Work item: Every line from the one with "Langschaftdübel DuoXpand 10x120" through the end of the entries below should be written out exactly; the pictures should not.

Data records

.....

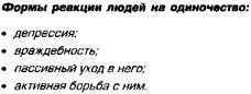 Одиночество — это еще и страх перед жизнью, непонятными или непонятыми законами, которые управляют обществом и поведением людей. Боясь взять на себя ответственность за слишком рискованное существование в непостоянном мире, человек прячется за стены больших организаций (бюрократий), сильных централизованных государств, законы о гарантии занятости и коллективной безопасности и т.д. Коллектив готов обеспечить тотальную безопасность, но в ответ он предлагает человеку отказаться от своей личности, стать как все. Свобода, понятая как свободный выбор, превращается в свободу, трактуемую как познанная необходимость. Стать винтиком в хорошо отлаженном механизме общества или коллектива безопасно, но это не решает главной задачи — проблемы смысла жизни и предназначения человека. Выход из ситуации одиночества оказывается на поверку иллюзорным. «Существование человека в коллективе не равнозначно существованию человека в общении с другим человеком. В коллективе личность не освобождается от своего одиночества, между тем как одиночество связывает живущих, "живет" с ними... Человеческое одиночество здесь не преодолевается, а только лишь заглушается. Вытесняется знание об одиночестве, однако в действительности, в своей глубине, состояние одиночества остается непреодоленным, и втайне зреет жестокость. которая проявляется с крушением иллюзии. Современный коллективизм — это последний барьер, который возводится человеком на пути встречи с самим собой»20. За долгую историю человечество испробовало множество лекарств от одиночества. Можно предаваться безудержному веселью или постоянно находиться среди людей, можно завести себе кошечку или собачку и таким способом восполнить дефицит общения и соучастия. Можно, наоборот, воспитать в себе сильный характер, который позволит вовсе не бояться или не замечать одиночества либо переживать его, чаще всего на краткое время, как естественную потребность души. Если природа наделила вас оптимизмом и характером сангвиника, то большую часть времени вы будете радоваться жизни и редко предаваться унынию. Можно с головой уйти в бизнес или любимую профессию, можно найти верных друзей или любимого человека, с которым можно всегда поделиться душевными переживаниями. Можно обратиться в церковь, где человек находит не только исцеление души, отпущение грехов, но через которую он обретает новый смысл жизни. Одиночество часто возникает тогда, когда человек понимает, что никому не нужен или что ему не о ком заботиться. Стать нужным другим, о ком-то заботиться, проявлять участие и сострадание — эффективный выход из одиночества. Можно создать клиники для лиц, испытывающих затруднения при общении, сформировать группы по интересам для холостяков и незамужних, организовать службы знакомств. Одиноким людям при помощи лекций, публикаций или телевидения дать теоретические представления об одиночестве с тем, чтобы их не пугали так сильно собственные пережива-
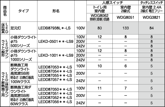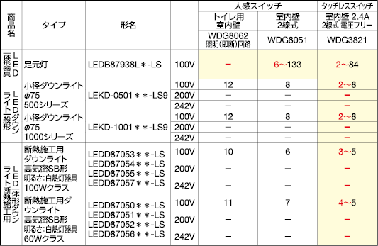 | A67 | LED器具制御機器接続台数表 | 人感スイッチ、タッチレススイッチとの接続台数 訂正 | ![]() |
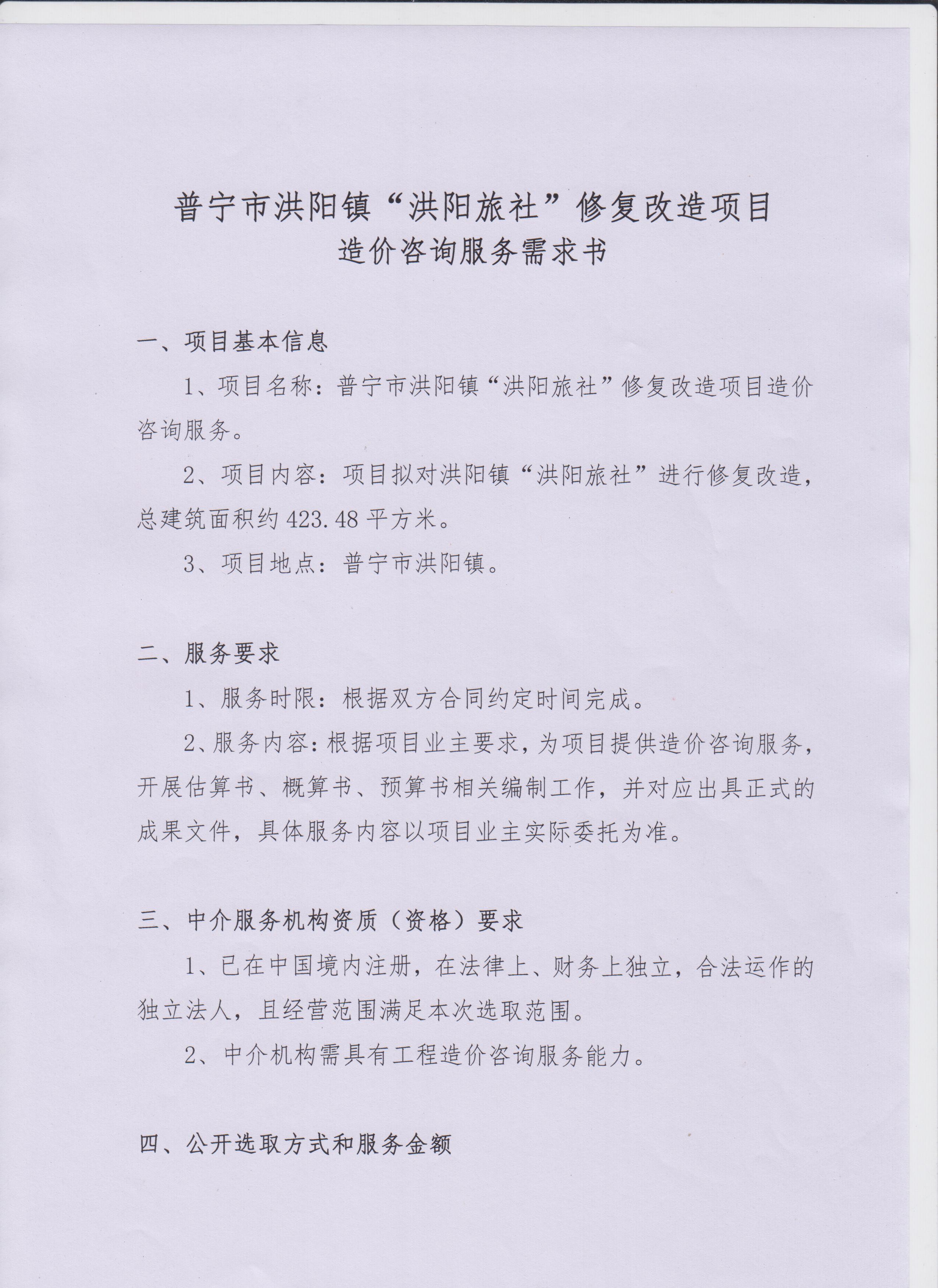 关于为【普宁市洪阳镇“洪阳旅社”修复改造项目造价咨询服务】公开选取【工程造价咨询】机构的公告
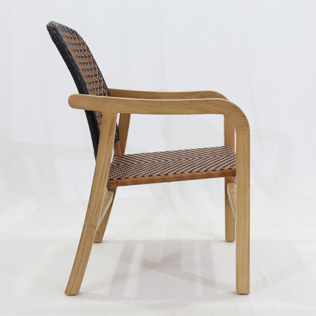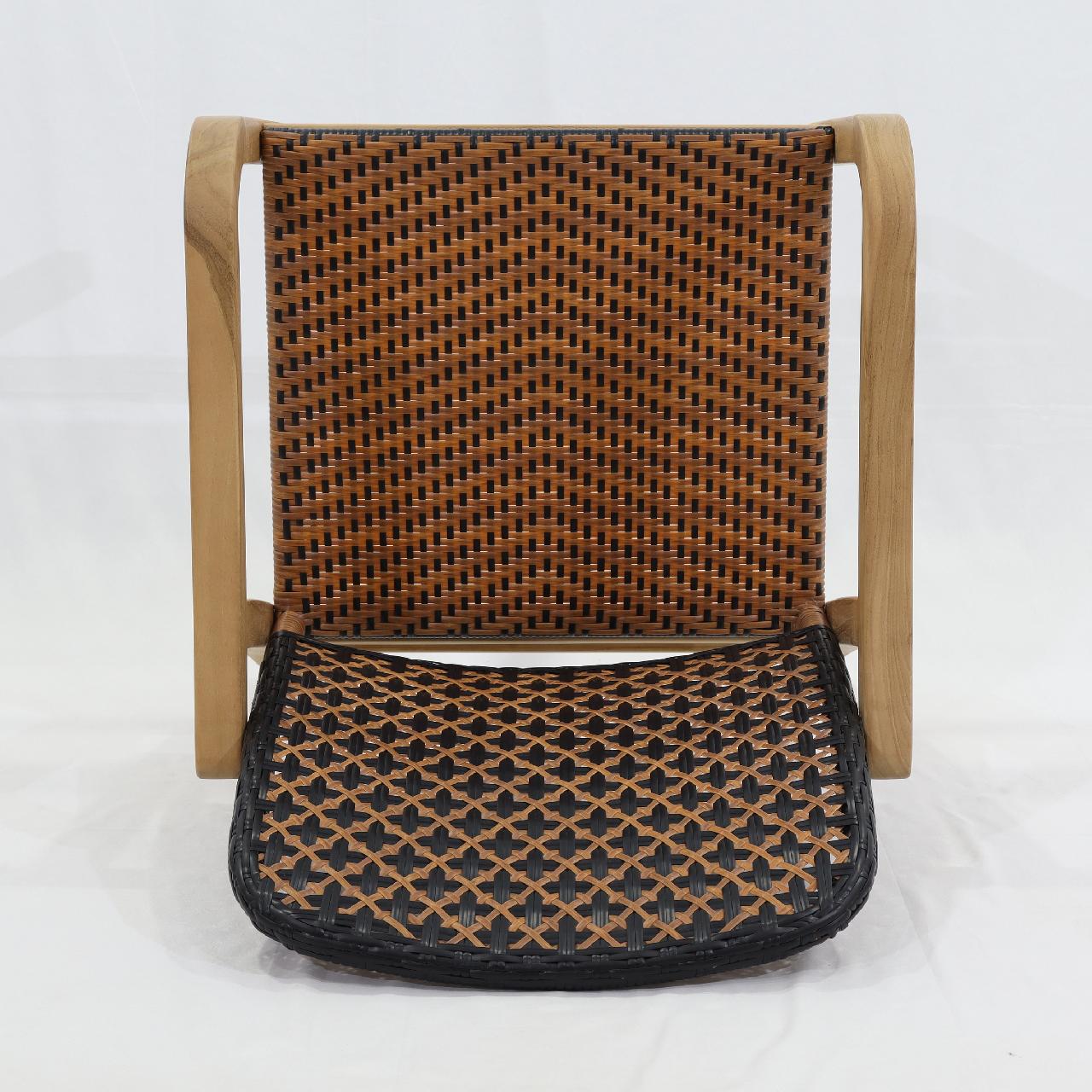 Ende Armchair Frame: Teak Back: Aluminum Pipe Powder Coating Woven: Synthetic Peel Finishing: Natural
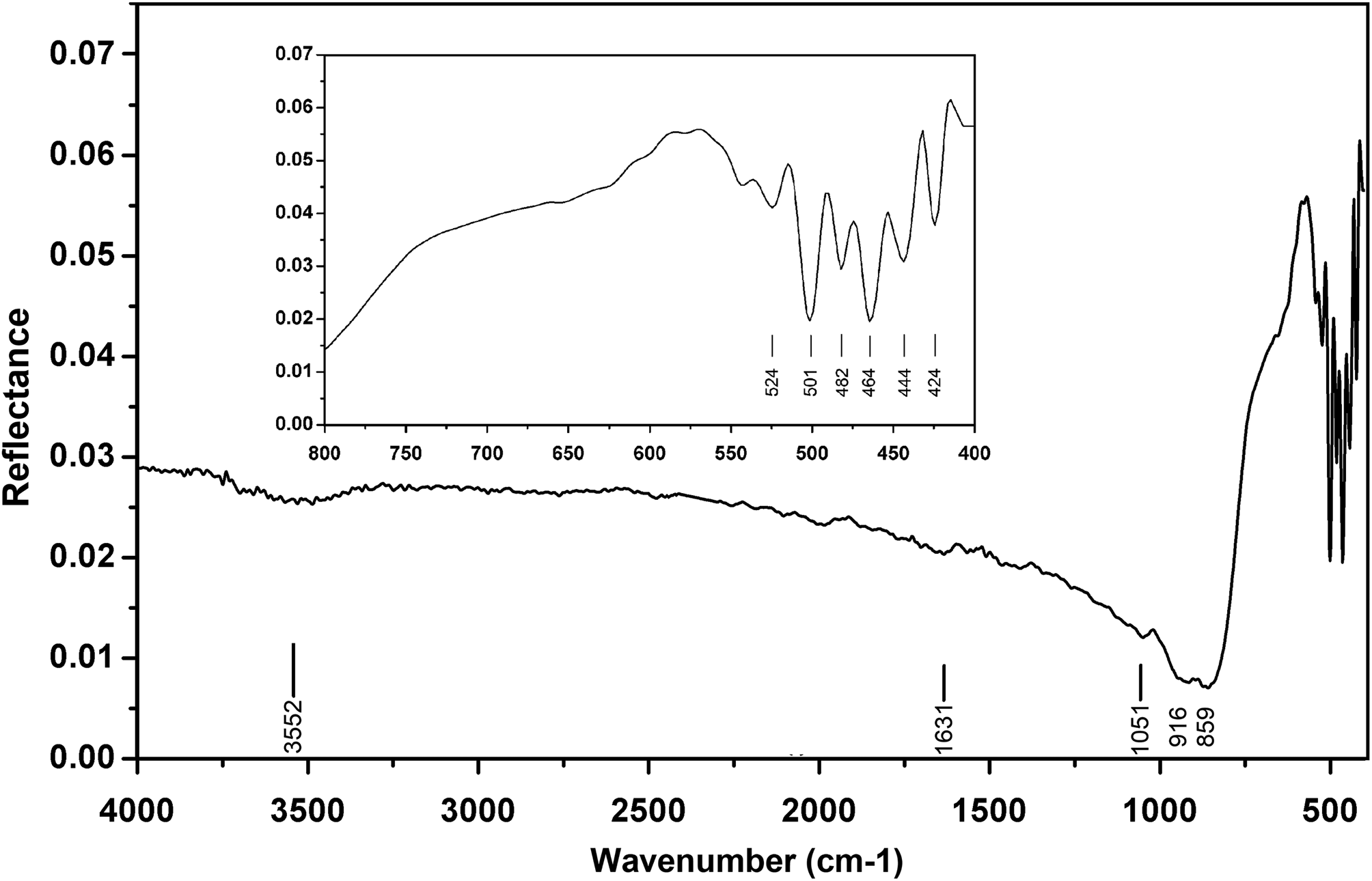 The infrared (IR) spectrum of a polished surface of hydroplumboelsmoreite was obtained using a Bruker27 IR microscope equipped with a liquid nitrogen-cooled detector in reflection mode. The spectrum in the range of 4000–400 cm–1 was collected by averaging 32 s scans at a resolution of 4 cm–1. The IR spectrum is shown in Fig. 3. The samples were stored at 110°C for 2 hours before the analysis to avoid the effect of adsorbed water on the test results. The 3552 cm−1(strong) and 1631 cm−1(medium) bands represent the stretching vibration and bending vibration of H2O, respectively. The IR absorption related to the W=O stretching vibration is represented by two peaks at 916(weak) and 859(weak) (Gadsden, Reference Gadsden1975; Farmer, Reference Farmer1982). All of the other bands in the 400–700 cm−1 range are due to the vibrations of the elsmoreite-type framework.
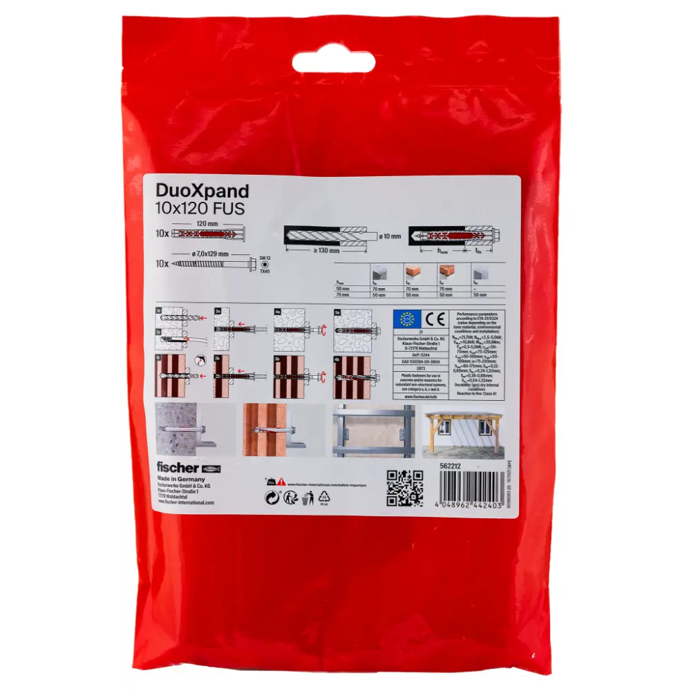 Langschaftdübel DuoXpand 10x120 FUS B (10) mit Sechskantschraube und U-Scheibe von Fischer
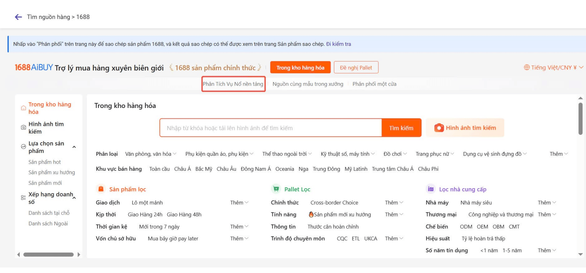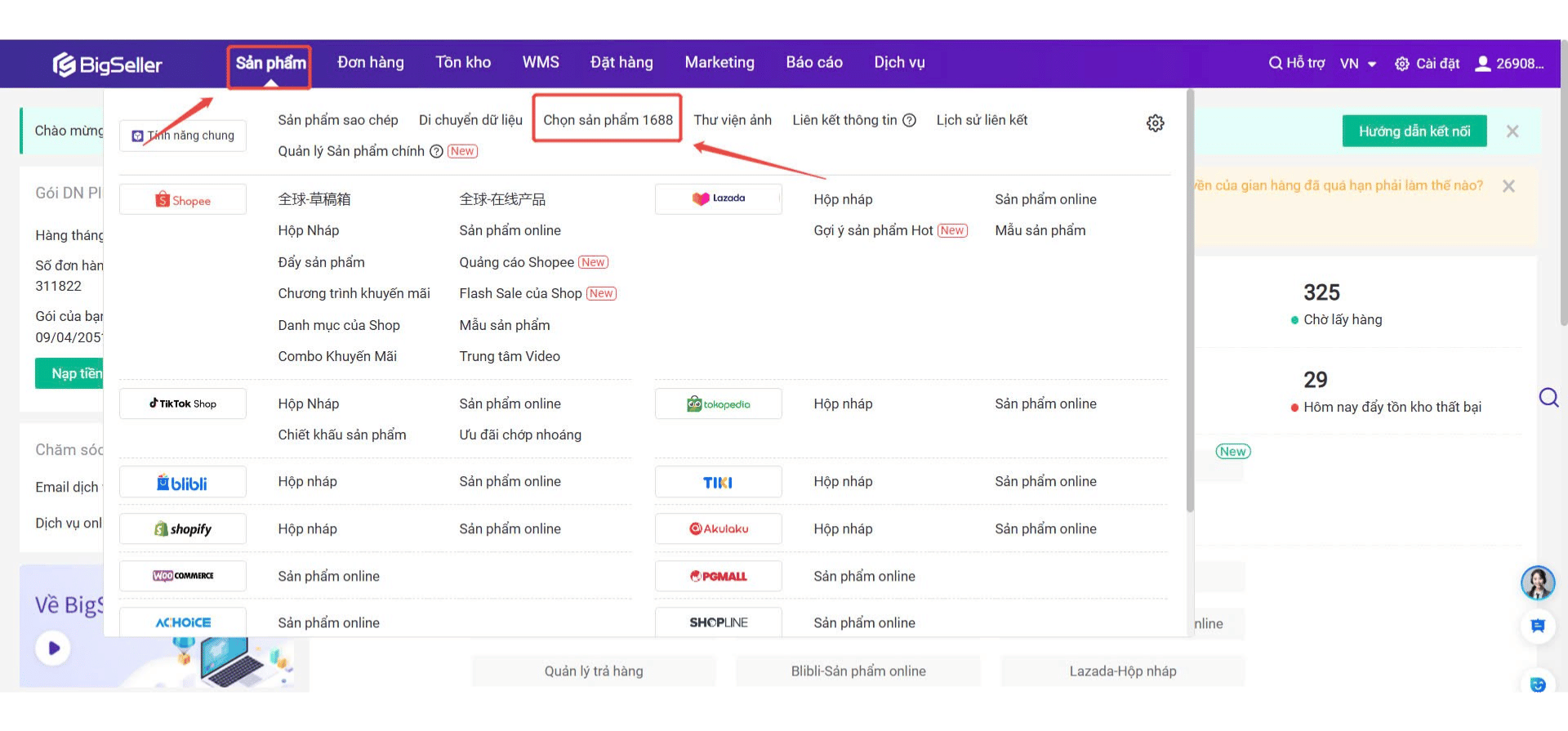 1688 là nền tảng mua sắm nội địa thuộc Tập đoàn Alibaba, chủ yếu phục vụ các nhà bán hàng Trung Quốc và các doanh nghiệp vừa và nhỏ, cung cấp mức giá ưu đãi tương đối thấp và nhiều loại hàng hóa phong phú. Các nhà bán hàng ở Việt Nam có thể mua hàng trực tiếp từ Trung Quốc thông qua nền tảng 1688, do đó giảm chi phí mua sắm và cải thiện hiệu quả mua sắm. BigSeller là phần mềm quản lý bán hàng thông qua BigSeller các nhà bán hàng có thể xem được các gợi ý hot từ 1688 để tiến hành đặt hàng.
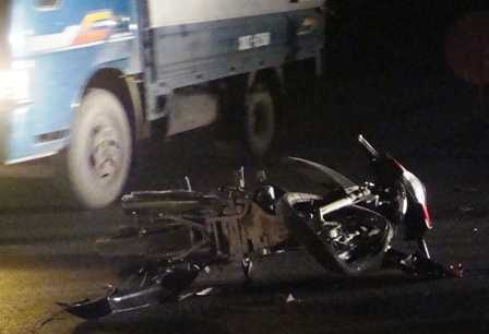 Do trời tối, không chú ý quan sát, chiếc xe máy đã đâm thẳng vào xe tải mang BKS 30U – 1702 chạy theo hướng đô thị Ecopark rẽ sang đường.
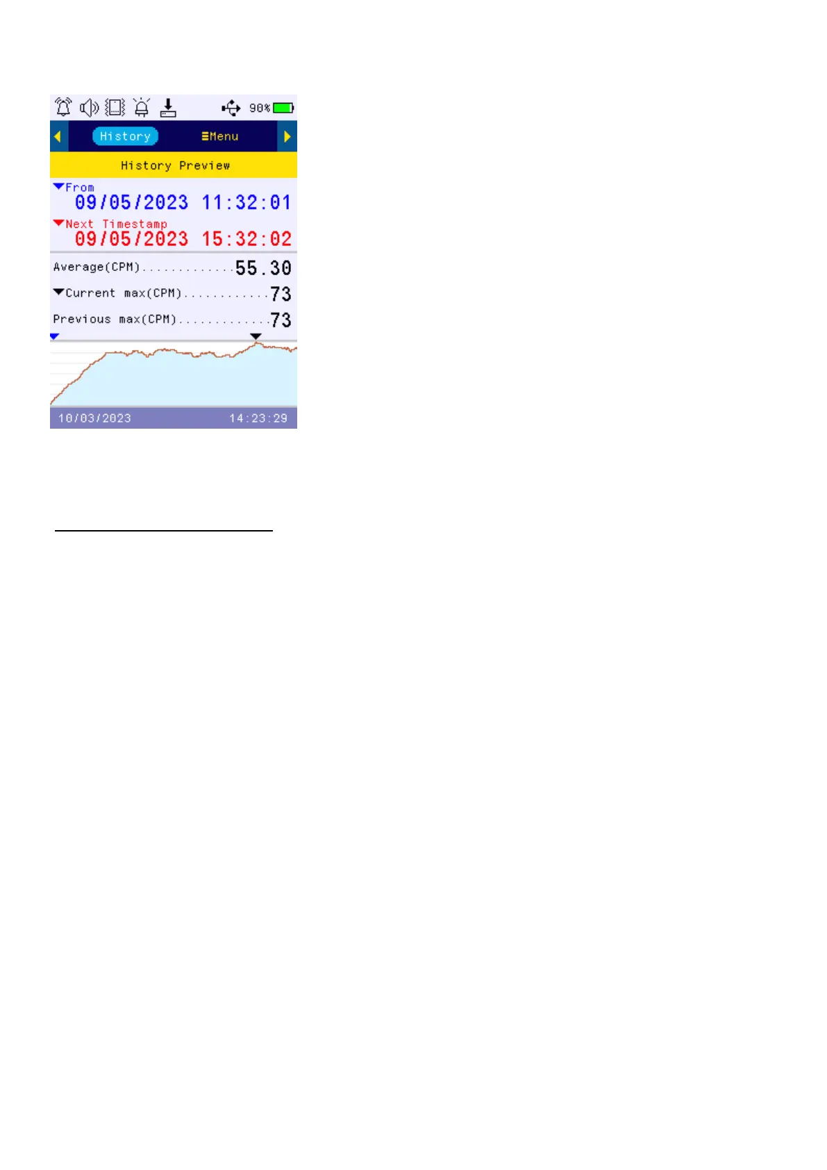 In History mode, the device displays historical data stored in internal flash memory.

.....

Your response:
 Langschaftdübel DuoXpand 10x120 FUS B (10) mit Sechskantschraube und U-Scheibe von Fischer
 1688 là nền tảng mua sắm nội địa thuộc Tập đoàn Alibaba, chủ yếu phục vụ các nhà bán hàng Trung Quốc và các doanh nghiệp vừa và nhỏ, cung cấp mức giá ưu đãi tương đối thấp và nhiều loại hàng hóa phong phú. Các nhà bán hàng ở Việt Nam có thể mua hàng trực tiếp từ Trung Quốc thông qua nền tảng 1688, do đó giảm chi phí mua sắm và cải thiện hiệu quả mua sắm. BigSeller là phần mềm quản lý bán hàng thông qua BigSeller các nhà bán hàng có thể xem được các gợi ý hot từ 1688 để tiến hành đặt hàng.
 Do trời tối, không chú ý quan sát, chiếc xe máy đã đâm thẳng vào xe tải mang BKS 30U – 1702 chạy theo hướng đô thị Ecopark rẽ sang đường.
 In History mode, the device displays historical data stored in internal flash memory.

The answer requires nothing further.